PROBLEM: Set the pictures aside and transcribe exactly the lines from the one containing "Unlike mass produced" through the final line of the records.

THE INPUT:
Content starts

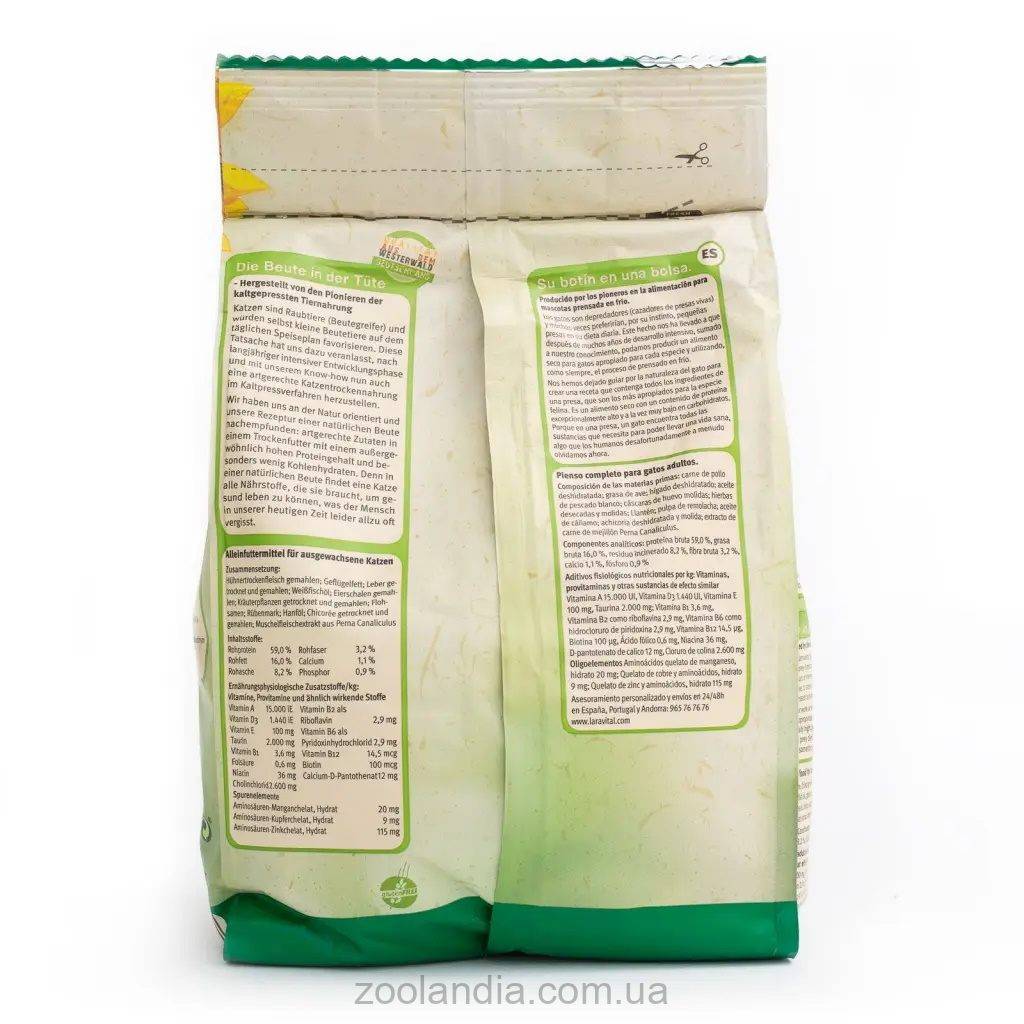Добавки (на 1 кг): вітамін – 15000 МО, вітамін D3 – 1440 МО, вітамін Е – 100 мг, таурин – 2000 мг, вітамін В1 – 3,6 мг, вітамін В2 (у вигляді рибофлавіну) – 2,9 мг, вітамін В6 (у вигляді гідрохлориду піридоксину) - 2,9 мг, вітамін В12 - 14,5 мкг, біотин - 100 мкг, фолієва кислота - 0,6 мг, ніацин - 36 мг, D-пантотенат кальцію - 12 мг, холінхлорид - 2600 мг.
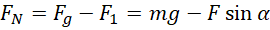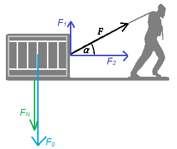 Siła grawitacji jest stała. Siła nacisku to siła grawitacji pomniejszona o prostopadłą składową siły, z którą mężczyzna ciągnie skrzynię.
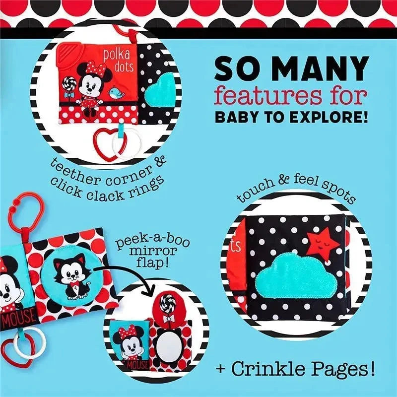 STORYTIME WITH MINNIE MOUSE: Help baby to learn and begin story time with a soft fabric book featuring Disney Minnie Mouse. An adorable 5 inch on-the-go book lets baby play and develop as you read together.
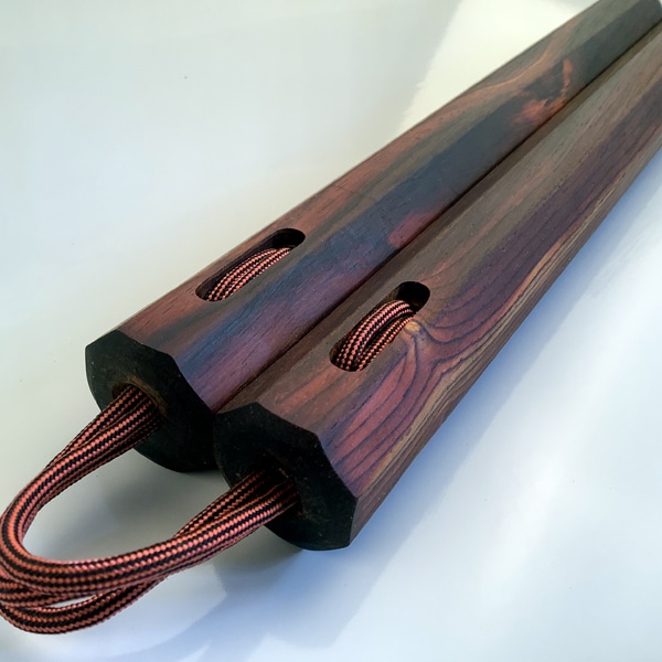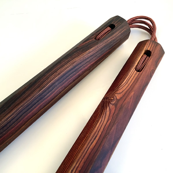 Unlike mass produced martial arts weapons made overseas, we designed our Cocobolo Nunchaku to be easy to hold, not get sticky and give you confidence as you practice your forms. Originally the nunchaku was designed from farming tools in China. Occupied Chinese were not allowed to have weapons and a whole range of new weapons sprung from the tools at hand. Our nunchaku are not mass produced, each one is made one at a time. We use exotic hardwoods and try to get every inch of wood used in our product. Some of these woods are hard to find in usable sizes so we take great care to get the most out of each piece. The design is to last and be durable.
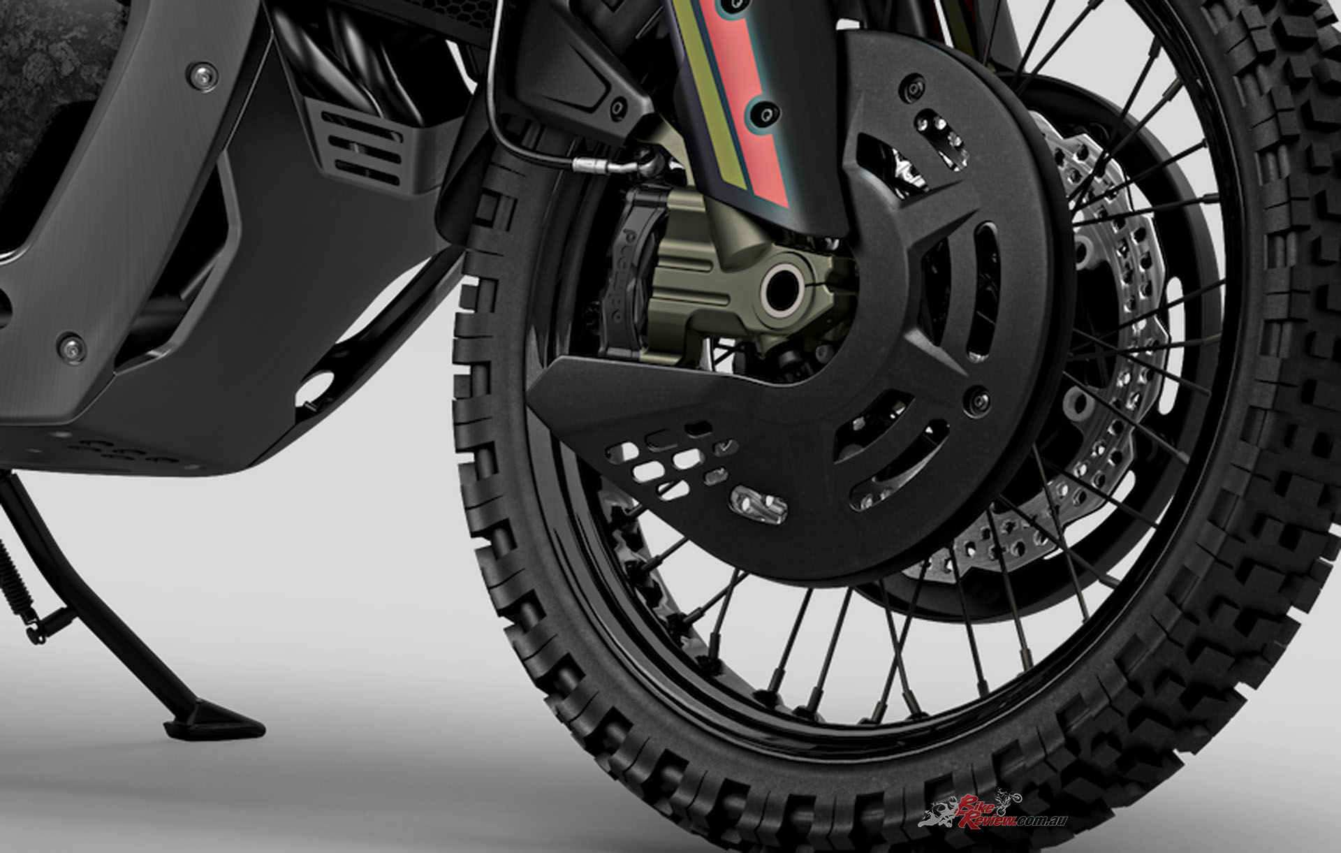 Brakes: Double floating disc. 320mm radial-type monobloc Brembo Stylema caliper with 4 pistons, single steel disc 265mm Brembo caliper with 2 pistons

Content ends

TASK OUTPUT:
 Unlike mass produced martial arts weapons made overseas, we designed our Cocobolo Nunchaku to be easy to hold, not get sticky and give you confidence as you practice your forms. Originally the nunchaku was designed from farming tools in China. Occupied Chinese were not allowed to have weapons and a whole range of new weapons sprung from the tools at hand. Our nunchaku are not mass produced, each one is made one at a time. We use exotic hardwoods and try to get every inch of wood used in our product. Some of these woods are hard to find in usable sizes so we take great care to get the most out of each piece. The design is to last and be durable.
 Brakes: Double floating disc. 320mm radial-type monobloc Brembo Stylema caliper with 4 pistons, single steel disc 265mm Brembo caliper with 2 pistons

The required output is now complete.